CineVisioni: la recensione di Aquaman

In programmazione a Grosseto – The Space Cinema

Nel 1985, ad Amnesty Bay, nel Maine, il guardiano del faro Thomas Curry trova una donna che si fa chiamare Atlanna. Quest’ultima è la regina di Atlantide, ed è sfuggita da essa per evitare che si sposasse con Barox, futuro re di Atlantide. Thomas e Atlanna si sposano e danno alla luce un figlio, Arthur Curry. Un giorno, i tre vengono attaccati dalle guardie di Atlantide, che vogliono portare con sé Atlanna. Dopo uno scontro tra esse, nel quale i tre ne escono vincenti, Atlanna è costretta a scappare, lasciando Arthur nelle mani di Thomas.

Nel presente, approssimativamente un anno dopo la battaglia contro Steppenwolf e il suo esercito, Arthur, divenuto nel frattempo Aquaman, continua la sua vita contro il crimine.

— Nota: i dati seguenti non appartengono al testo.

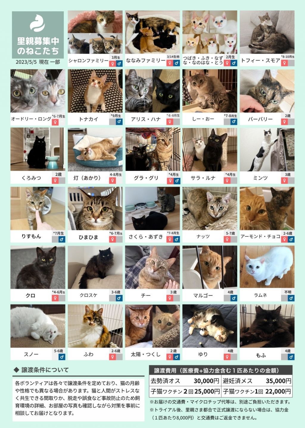 25ケージ 60匹ほどの参加となりますが、それ以外の預かり宅の猫もご紹介可能です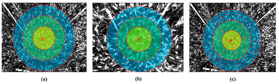 Segmentation accuracy within different radii upon using proposed method. The yellow, green, and blue areas indicate an observation radius of 0–0.25 m, 0.25–0.5 m, and 0.5–0.75 m. The point A is the ortho center of the image. (a) Observation range analysis in T1 plot; (b) Observation range analysis in T3 plot; (c) Observation range analysis in T4 plot.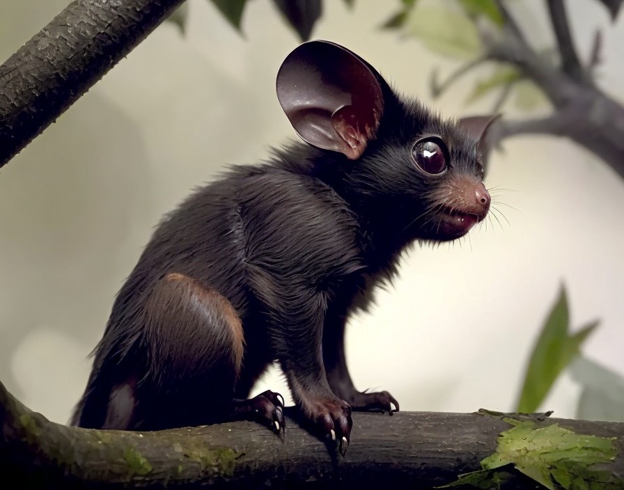 A black bat with prominent ears and sharp claws perched on a tree branch amidst green leaves.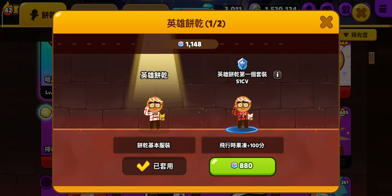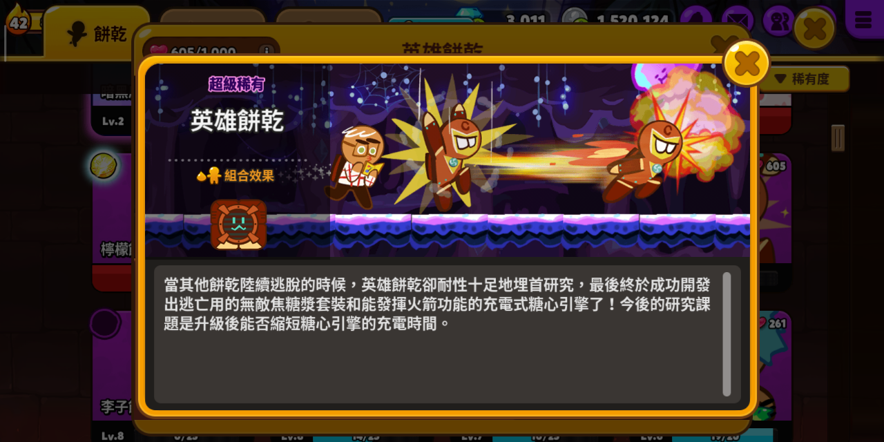 当其他饼干陆续逃脱的时候,英雄饼干却耐心十足地埋首研究,最后终于成功开发出逃亡用的无敌焦糖浆套装和能发挥火箭功能的充电式糖心引擎!今后的研究课题是升级后能否缩短糖心引擎的充电时间。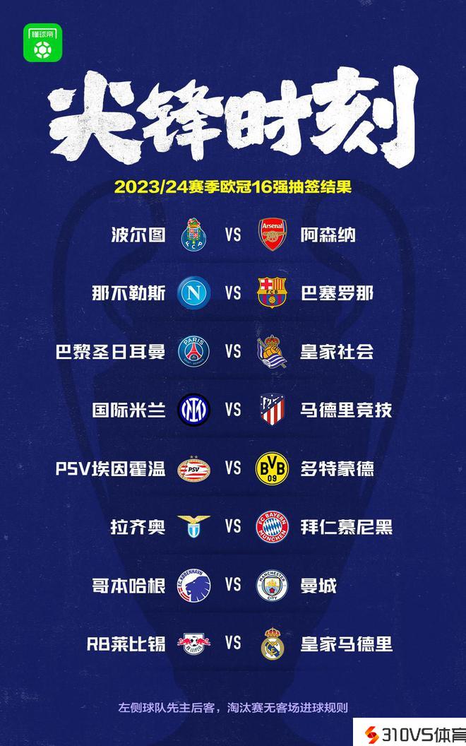 欧冠1/8决赛对阵出炉:巴萨将战那不勒斯,国米遭遇马竞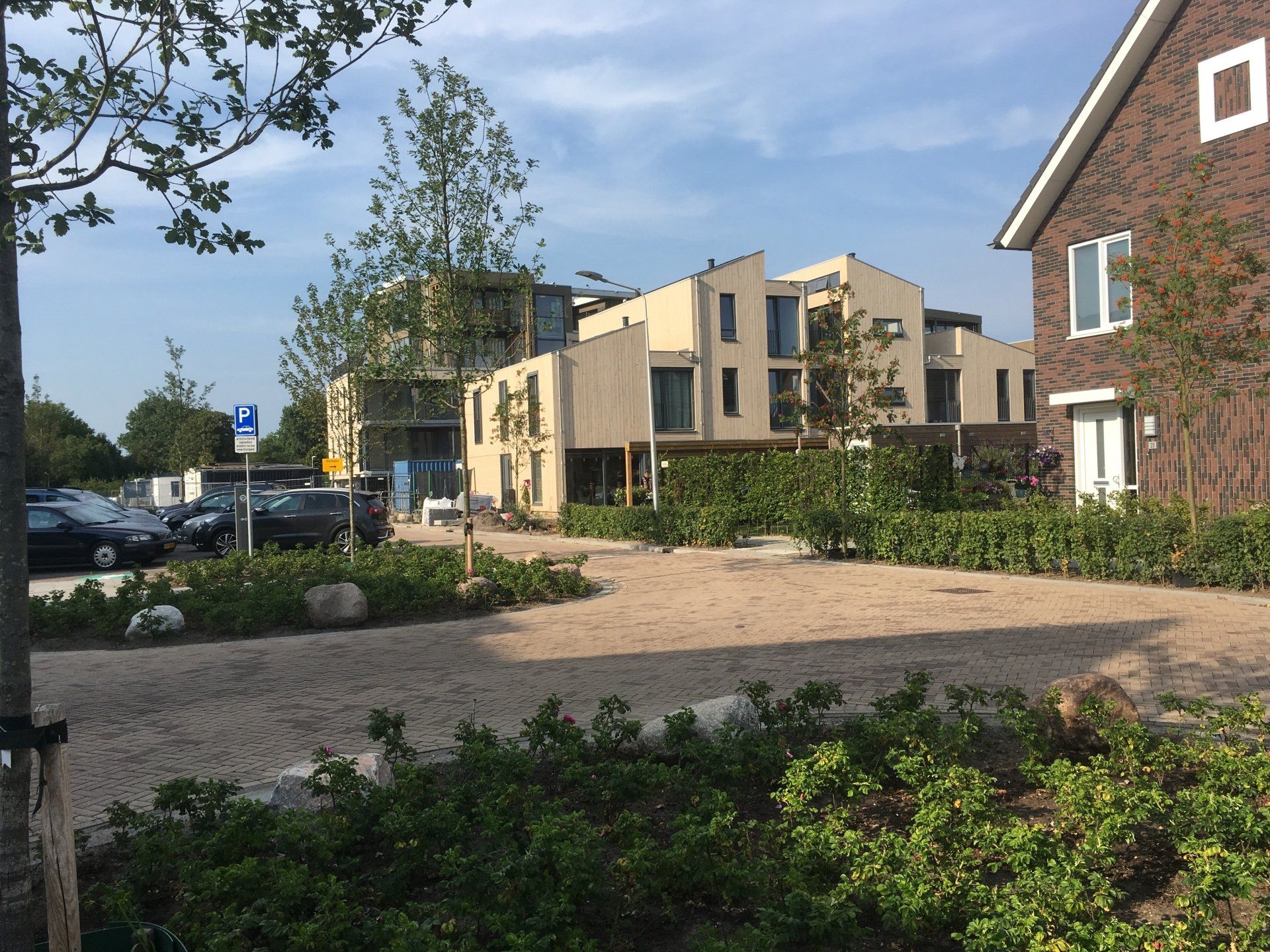 Het parkeren is opgelost door half verdiepte parkeerplaatsen te realiseren onder de appartementen.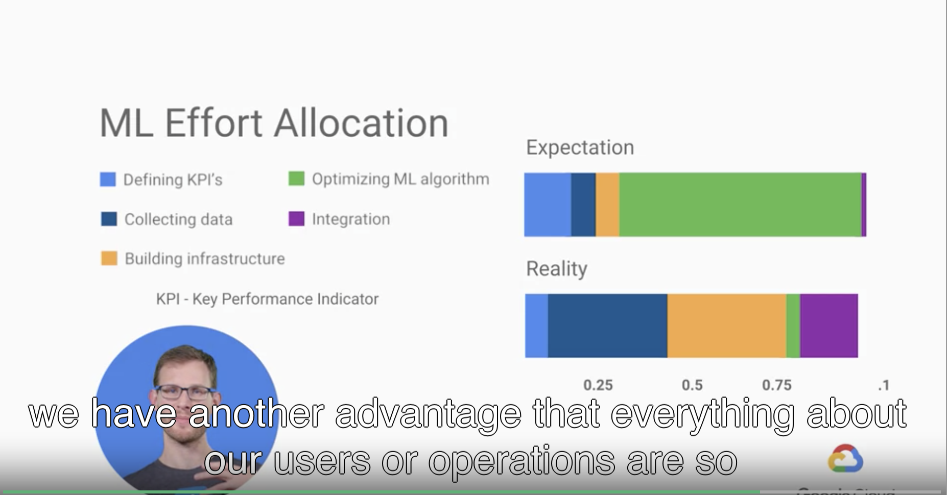 - 自分で 1 からモデルを作らずとも GCP の Vison API など実際は提供されている機械学習の API を使えば事足りこともある。本当に機械学習システムを 1 から作るのは大変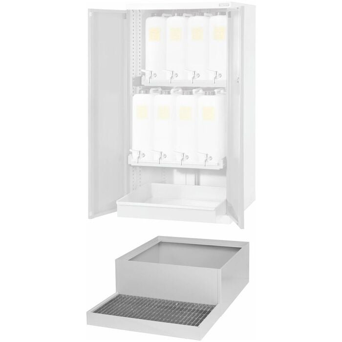Svetsad stålsockel med uppsamlingstråg och galler (maskor 25×76 mm). Uppsamlingstråget är olje- och vattentätt svetsat. Förzinkat galler.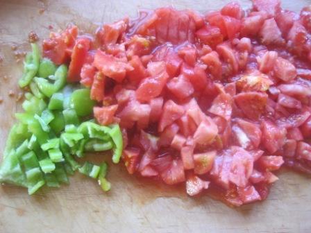 Перец и помидоры вымыть. С помидоров снять шкурку, опустив овощи в горячую воду, на полминутки. Мелко нарезать.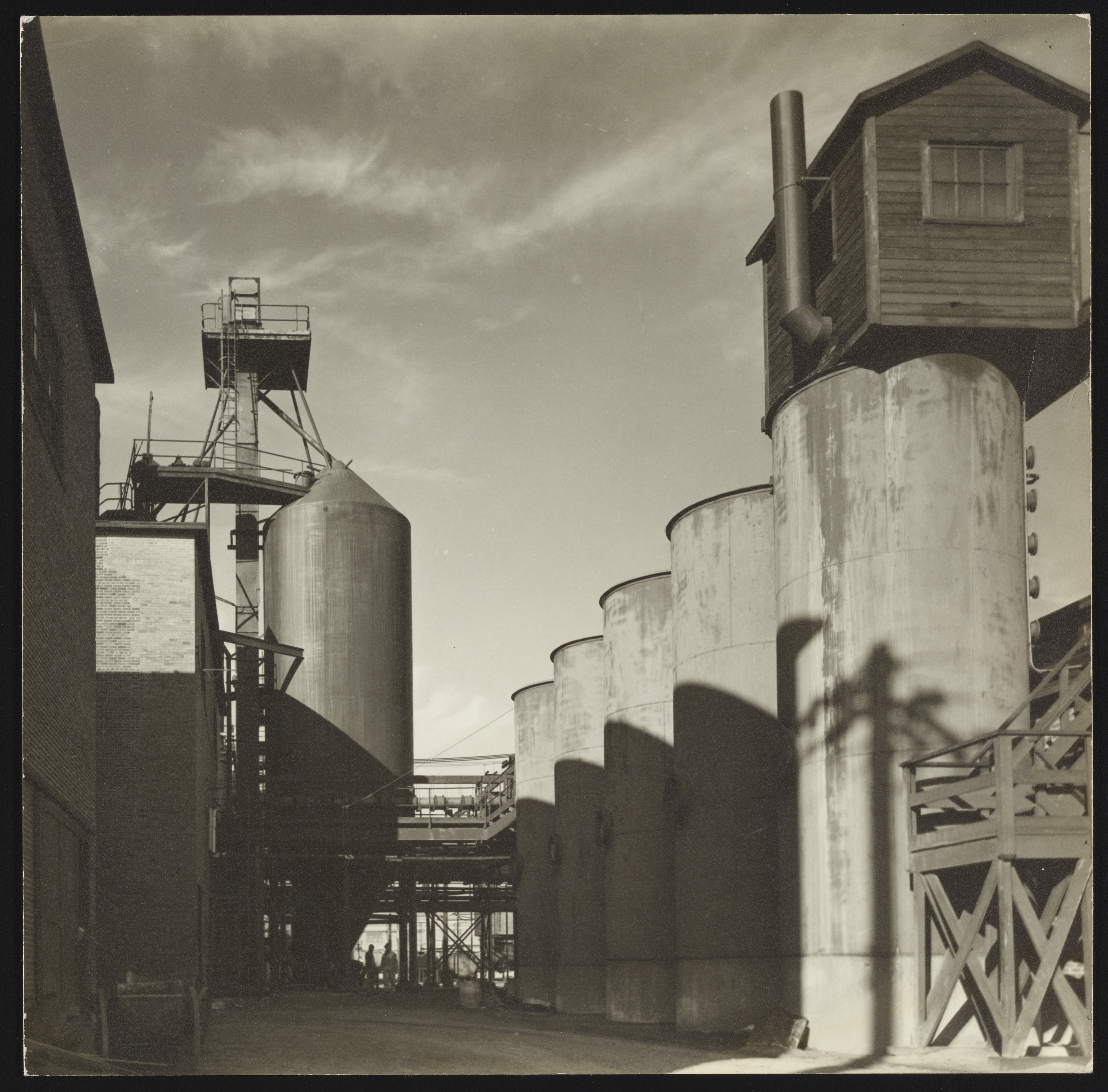 General view of a section of the exterior of the Cliffs Dow wood distillation plant located in Marquette, Michigan. Seeking a source of raw material for its new plastic, ethylcellulose, the Dow Chemical Company joined with the Cleveland-Cliffs Iron Company to form the Cliffs Dow Chemical Company in April 1935. The Cliffs Dow plant in Marquette primarily produced charcoal used in the manufacture of pig iron, as well as a range of chemical by-products including acetic acid, calcium acetate, wood alcohol, and ethyl alcohol. Notably, when the Marquette plant ceased operations in 1969, it was the last wood distillation plant in the United States.

Un giorno, Arthur affronta un gruppo di pirati che tentano di dirottare un sottomarino nucleare russo. Dopo aver ingaggiato uno scontro con David Kane, suo padre, Jesse Kane, rimane incastrato sotto un missile e dopo aver chiesto al figlio di andarsene, si suicida con una granata e David allora giura vendetta. La sera, Arthur viene raggiunto da Mera, sua vecchia amica, che gli chiede di venire con lei ad Atlantide. Aquaman, però, considera gli atlantidei responsabili della morte di sua madre, i quali, venuti a sapere della sua esistenza, l’hanno uccisa, e perciò rifiuta. Ma dopo aver messo quasi in pericolo il padre, Aquaman decide di andare con Mera…

La Warner Bros, per questo sesto film del DC Extended Universe ha stanziato un budget di ben 200 milioni di dollari. La scelta per la regia è caduta su James Wan, che ha diretto il primo Saw oltre ad un paio di capitoli di The Conjuring, due Insidious e più di recente il settimo capitolo di Fast and Furious.

Per il ruolo di protagonista, scelta pressoché obbligata, è stato scritturato Jason Momoa, conosciuto per aver interpretato il personaggio di Ronon Dex nella serie Stargate Atlantis, quello di Khal Drogo ne Il Trono di Spade,  quello di Conan il barbaro nel film del 2011 Conan the Barbarian e appunto Aquaman in Justice League e precedentemente in una breve apparizione nel film Batman v Superman: Dawn of Justice. Accanto a lui Amber Heard, che ha già vestito i panni di Mera nel film Justice League,Willem Dafoe e Nicole Kidman, rispettivamente nei ruoli di Nuidis Vulko e della regina Atlanna. Non manca neppure Dolph Lundgren nel ruolo di re Nereus.

Con queste premesse, non stupisce che Aquaman sia un film muscolare. Moltissime le scene d’azione che vedono il protagonista impegnato in combattimenti e l’uso della computer graphics è davvero massiccio. Il tentativo di dare una spruzzata d’ironia è talmente fiacco da risultare quasi controproducente. E’ il visual ad avere predominio completo sulla pellicola.

Il problema è che la recitazione non risulta per nulla all’altezza, con Momoa più impegnato nel mostarsi a torso nudo che a rendere credibile il proprio personaggio, la sceneggiatura è fondamentalmente un cumulo di cliché, al punto che il film diventa prevedibile sino all’irritante, insopportabile se combinato con la durata, in questo caso infinita, di 139 minuti. Si aggiunga una completa riscrittura delle leggi della fisica ed il quadro è completo.

Gran parte di Aquaman si svolge, sorpresa sorpresa, sott’acqua. Ed è proprio lì che vorremmo tanto, dopo aver visto questo lavoro, gettare la pellicola. Per favore, pensate all’ambiente e resistete alla tentazione.